An article from TIME that everyone’s linking to
Thursday, October 22 2009
You know the one: “How Drug-Industry Lobbyists Got Their Way On Health Care“, by Karen Tumulty and Michael Scherer. It’s worth reading if you’re not familiar with the issue, but there are a couple of aspects important to patients that the authors don’t quite spell out. First, this bit:
But there’s a dilemma: policymakers want to foster cost-saving competition without killing the financial incentives that have put the U.S. biotechnology industry at the vanguard of medical science and without stifling the development of even more drugs that could save lives and eliminate suffering. Finding that equilibrium goes to the question of how long biotech firms should be guaranteed exclusivity, outside the protection of their patents, before copycats can begin using the data they have developed.
This is a somewhat misleading way of framing the dynamic. On the one hand, yes – patents guarantee profits, which spurs companies to innovate. But their innovations are not necessarily a net benefit to social welfare. Take the example of Remicade, J&J’s blockbuster biologic for Crohn’s, RA, psoriasis, etc. It made billions of dollars for the company, and led other companies to innovate new drugs, eg. Humira, Enbrel, Cimzia.

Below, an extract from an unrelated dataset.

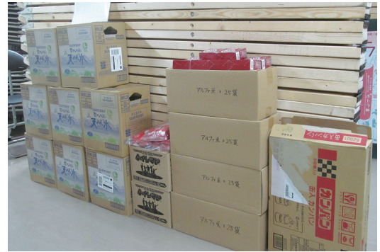
職員が3日間過ごすのに必要な備蓄品を用意

一斉帰宅抑制で職員が3日間過ごすために必要な備蓄品を用意。神様へのお供え物として、約60kg以上の米等の食料が常備されているため、万一、幼稚園の園児や保護者などを受け入れる状況となっても対応が可能となっている。

Even though the new drugs are technically new, they all use the same basic mechanism; they’re all anti-TNF-α antibodies, which means they all work about the same and have about the same risks.
Biomedicine is so complex that each company can create a drug just different enough from the others to be awarded a patent, which protects them from generics and guarantees their ability to demand high prices. Then they market the drug to patients and doctors as if it’s the latest and the greatest. So the drugs all have patents, they are all expensive, and they all do pretty much the same thing: how is this situation better for consumers than were generics made legal? It’s not, as far as I can tell.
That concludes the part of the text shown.